If your weight is putting extra stress on your feet, your doctor may encourage you to try a weight-loss program.
If nonsurgical methods such as rest, ice, and stretching exercises help relieve your plantar fasciitis symptoms, continue using them. If you have not improved after 6 weeks, your doctor may recommend that you continue those methods but add other nonsurgical treatments, such as:
- Custom-made shoe inserts (orthotics). Custom-made orthotics require a prescription. If your foot has an unusual shape or if you have a certain problem that the device will help, then a custom-made insert may fit better and control pain better than a nonprescription one.
- Night splints . A night splint holds the foot with the toes pointed up and with the foot and ankle at a 90-degree angle. This position applies a constant, gentle stretch to the plantar fascia.
- A walking cast on the lower leg. Casting is somewhat more expensive and inconvenient than other nonsurgical treatments. And after the cast is removed, you will need some rehabilitation to restore strength and range of motion. But a cast forces you to rest your foot.

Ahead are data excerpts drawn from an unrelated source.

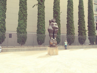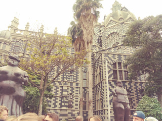 Next we walked to Plaza Botero, where the Palace of Culture--a building begun by a Belgian designer that the Paisas thought was taking too long so they decided to finish it themselves (so there is a beautiful main facade, and then a really boring rest of it, lol)--and the Museo de Antioquia (the name of the region) are located, as well as several Botero sculptures around the square. We have a brief break, and one of Juan's suggestions is to try the empanadas at a small stand here on the square called Empanadas Envigadenas. They had meat ones and potato ones...DAMN delicious. Especially with the guacamole sauce. And cheap--less than a dollar each. I wound up going back after the tour and having another one.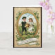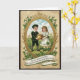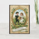 This card features a vintage-style illustration set inside an ornate gold oval frame, with tiny white clover blossoms and three-leaf clovers tucked into the decoration and small harp shapes along the sides. In the center, a young boy and girl stand close together in a green meadow dotted with little wildflowers beneath a pale, cloud-speckled sky 🌷. The boy wears a deep green suit with knicker-style shorts and a matching cap, and he leans in as he helps hold one side of a golden pot brimming with coins. The girl, in a white ruffled dress with green ribbons and a matching headband, steadies the other side, her posture angled toward him like they’re sharing a secret task. Their rosy cheeks and soft expressions suggest a shy friendship, with their hands meeting at the pot as if they trust each other to carry it. Around the vignette, the background is a warm, aged cream tone with faint timeworn marks, and a curling banner runs along the bottom with a short message printed in dark lettering. The gold frame gleams against the cream paper, and the banner’s ends curl upward beneath the clover accents 🐇.
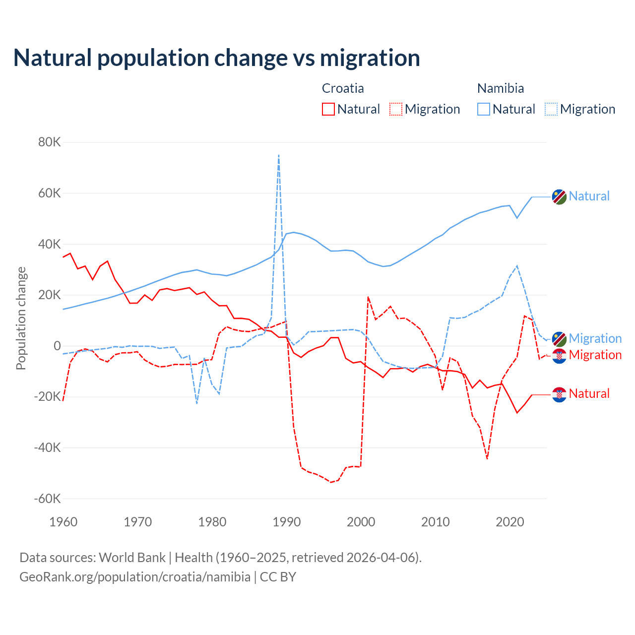 Over the last 10 years, 54.8% of the population change in Croatia is from natural causes (a loss of 177,803 people) and 45.2% is from migration (a loss of 146,770 people). In Namibia 74.3% is from natural causes (a gain of 532,532 people) and 25.7% is from migration (a gain of 183,837 people).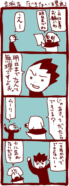 能力の差は考え方の差です。 「○○だから出来なかったのは仕方が無い」と考えたり、言ってしまったことはありませんか? 成功しない人は上手くいかないのを環境のせいにしたり、他人の原因にしたりするクセが出来上がっています。 そして、出来なかったことを正当化して安心する。 たとえば、 売上目標が達成できなかったのは、今月台風が来たから当然だ。 タバコを辞められないのは、ストレス発散のためだから仕方が無い。 不景気だから会社が上手くいかないのは仕方が無い。 この1年間、新しいことを始めなかったのは仕事が忙しかったからだ。 どれも一見もっともな理由です。 あなたには責任が無かった様に見えます。 しかし、これらの結果の責任は誰がとるのでしょう? 大抵、問題はもっと大きくなってあなたに襲いかかってきます。 売上が上げられなければ、あなたの評価と収入が減るし、会社も潰れます。タバコを辞めなければ年を取ってから大きな病気になります。 新しいことを始めなければ、気づいたときには時代遅れの旧式な人間になります。 すべての問題を外部のせいにして自分を納得させては、いつまで経ってもよい結果は偶然にしか生まれません。偶然は滅多に起きません。つまり成功しないと言うことです。 できない理由は自分にあると考えなければ、いつまで経っても解決できません。しかし解決できない問題なんてそうはやって来ないものです。 結果に対して責任を取ることを決意した時から、成功が始まるのです。 ただし、本当にどうあがいても無理なものは受け入れましょう。 悩むだけ時間の無駄です。 ■2005年からのツッコミ■ 良いこと言っていると思います。(笑)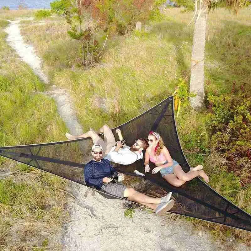 2/3M Camping Hammock Triangle Aerial Mat Multi-Person Hammock Net Outdoor Portable Hanging Bed Garden Furniture Freeshipping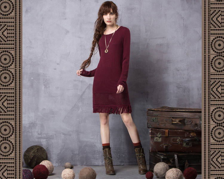 キッズはフリンジボアワンピ、ママはフリンジニットワンピでリンクコーデ。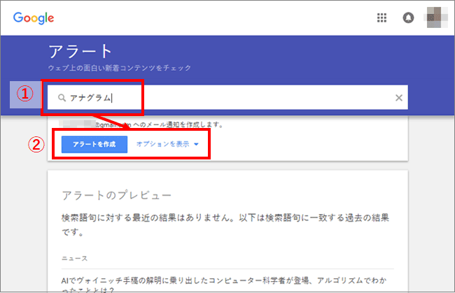 使い方は簡単で、Googleアラートのページアクセス、①新着通知を受け取りたいコンテンツに関するキーワードをし、②「アラートを作成」をクリックするだけ(Googleアカウントを持っていない場合は、加えて通知先メールアドレスを入力)です。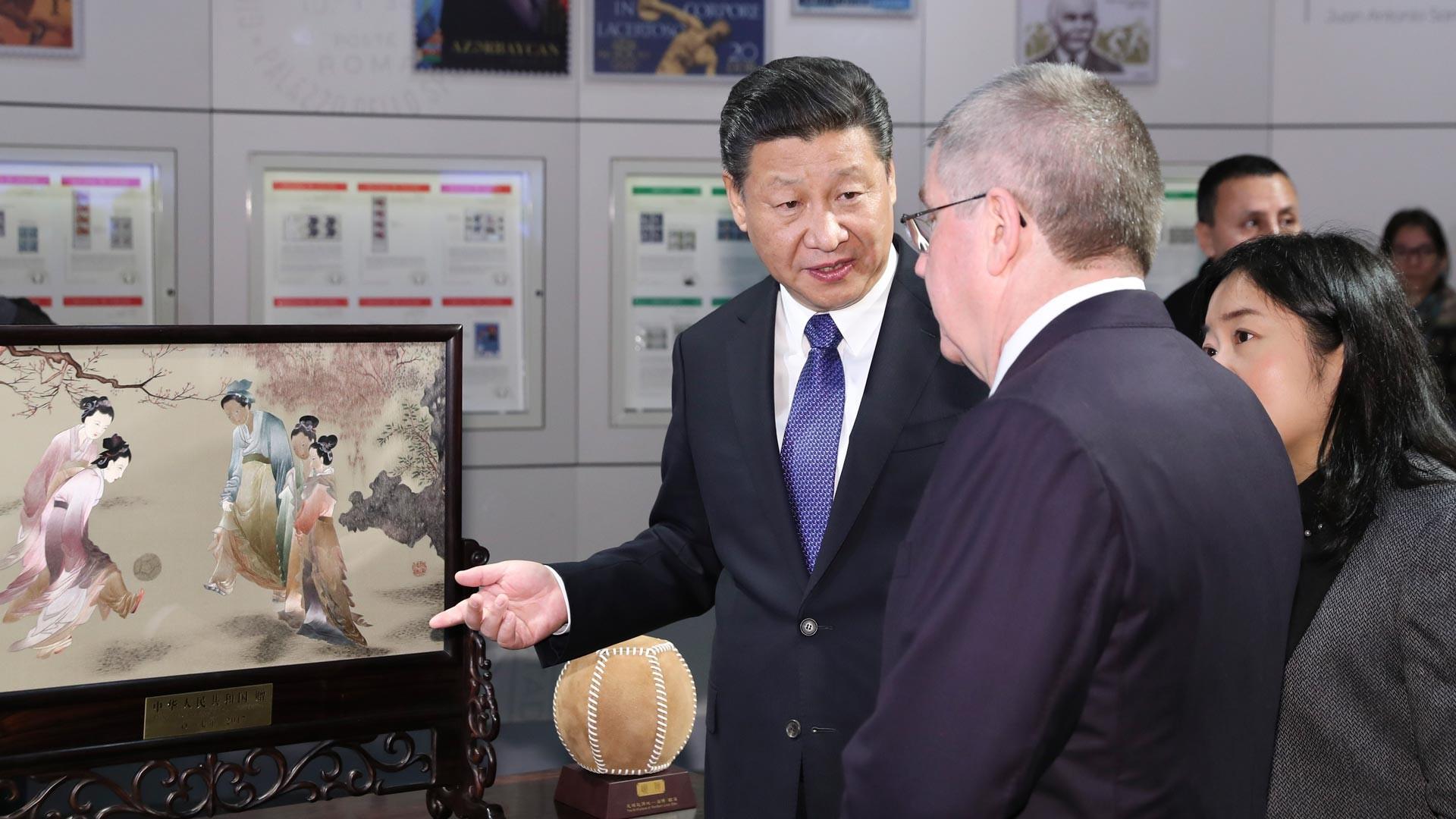 2017年1月,習(xí)近平主席在訪問瑞士期間專程來到坐落在洛桑半山腰的國際奧林匹克博物館。這是中國國家元首首次到訪。習(xí)近平主席代表中國向國際奧委會贈送了蘇繡《仕女蹴鞠圖》,并在留言簿上用中文寫下:“弘揚奧運精神,促進和平發(fā)展”。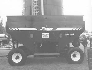 That's why we recently unveiled our prototype Demco "Posi Flow" 650-bu. gravity wagon at the Clay County Fair at Spencer, Iowa - the world's largest county fair. The GF 650 sports a new paint job but maintains the same side and end pitch as our smaller boxes, which farmers have dubbed the "best unloading boxes on the market." The 24-ton running gear is fitted with 22.5 by 13.5-in. 10-bolt wheels and 4 wheel brakes. We had several of the 650's in the field this season and expect to be in full production with them next season. They'll list for under $10,000. We're also field testing a new 750-bu. box for possible introduction in 1996. (Tom Sheffield, Dethmers Mfg. Co., P.O. Box 189, Boyden, Iowa 51234)

Formal physical therapy instruction can help make sure you properly stretch your Achilles tendon and plantar fascia ligament. Doctors usually consider surgery only for severe cases that do not improve.
Treatment if the condition gets worse
Your doctor may suggest corticosteroid shots if you have tried nonsurgical treatment for several weeks without success.1 Shots can relieve pain, but the relief is often short-term. Also, the shots themselves can be painful, and repeated shots can damage the heel pad and the plantar fascia.
Out of 100 people with plantar fasciitis, about 95 are able to relieve their heel pain with nonsurgical treatments. Only about 5 out of 100 need surgery.1 If you are one of the few people whose symptoms don't improve in 6 to 12 months with other treatments, your doctor may recommend plantar fascia release surgery. Plantar fascia release involves cutting part of the plantar fascia ligament in order to release the tension and relieve the inflammation of the ligament.
What to think about
If you are trying to lose weight and you develop plantar fasciitis when you begin exercising, especially jogging, talk with your doctor about other types of activity that will support your weight-loss efforts without making your heel pain worse. An activity like swimming that doesn't put stress on your feet may be a good choice.
If your plantar fasciitis is related to sports or your job, you may have trouble stopping or reducing your activity to allow your feet to heal. But resting your feet is very important to avoid long-lasting heel pain. Your doctor or a sports medicine specialist may be able to suggest a plan for alternating your regular activities with ones that do not make your pain worse.
Some questions you may want to ask about exercise include:
- Should I cut back on my exercise? How many days per week, how long, and what exercise should I do instead?
- Should I ice my foot after I exercise? If so, for how long each time, and how long should I continue the icing?
- Should I use nonsteroidal anti-inflammatory drugs (NSAIDs) either before or after I exercise?
- Are there exercises I can do to make my foot and ankle more flexible? What are they, and how often and how long should I do them?